Until recently, no one had looked at the cumulative incidence of false positives from other cancer screening tests. A new study in the Annals of Family Medicine has done just that.
They took advantage of the ongoing Prostate, Lung, Colorectal, and Ovarian (PLCO) Cancer Screening Trial to gather their data. In this large controlled trial (over 150,000 subjects), men randomized to screening were offered chest x-rays, flexible sigmoidoscopies, digital rectal examinations and PSA blood tests. Women were offered CA-125 blood tests for cancer antigen, transvaginal sonograms, chest x-rays, and flexible sigmoidoscopies. During the 3-year study period, a total of 14 screening tests were possible for each sex. The subjects didn’t all get every test.
By the 4th screening test, the risk of false positives was 37% for men and 26% for women. By the 14th screening test, 60% of men and 49% of women had had false positives. This led to invasive diagnostic procedures in 29% of men and 22% of women. 3% were minimally invasive (like endoscopy), 15.8% were moderately invasive (like biopsy) and 1.6% involved major surgical procedures (like hysterectomy). The rate of invasive procedures varied by screening test: 3% of screened women underwent a major surgical procedure for false-positive findings on a transvaginal sonogram.

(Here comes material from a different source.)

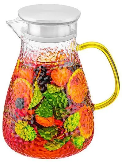 Кувшин "Арт деко" 18*14*21,5 см 1,8 л с позолоченной ручкой, с металлической крышкой с силиконовым уплотнителем, стекло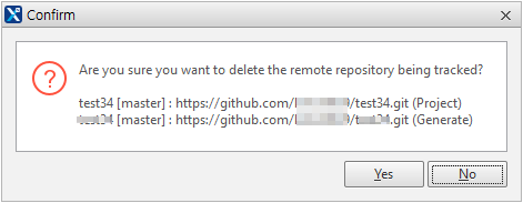 메뉴[Git > Unset Remote Repository]를 선택하면 로컬 저장소에서 추적중인 원격 저장소 정보를 삭제합니다.

These numbers do not include non-invasive diagnostic procedures, imaging studies, office visits. They do not address the psychological impact of false positives. And they do not address the cost of further testing.
These data should not be over-interpreted. They don’t represent the average patient undergoing typical cancer screening in the typical clinic. But they do serve as a wake-up call. Screening tests should be chosen to maximize benefit and minimize harm. Organizations like the U.S. Preventive Services Task Force try to do just that; they frequently re-evaluate any new evidence and offer new recommendations. Data like these on cumulative false positive risks will help them make better decisions than they could make based on previously available single-test false positive rates.
“In a post earlier this year, I discussed the pros and cons of PSA screening. Last year, I discussed screening ultrasound exams offered direct to the public to bypass medical judgment). If you do 20 lab tests on a normal person, statistically one will come back false positive just because of the way normal lab results are determined. Figuring out which tests to do on a given patient, either for screening or for diagnosis, is far from straightforward.
This new information doesn’t mean we should abandon cancer screening tests. It does mean we should use them judiciously and be careful not to mislead our patients into thinking they offer more certainty and less risk than they really do.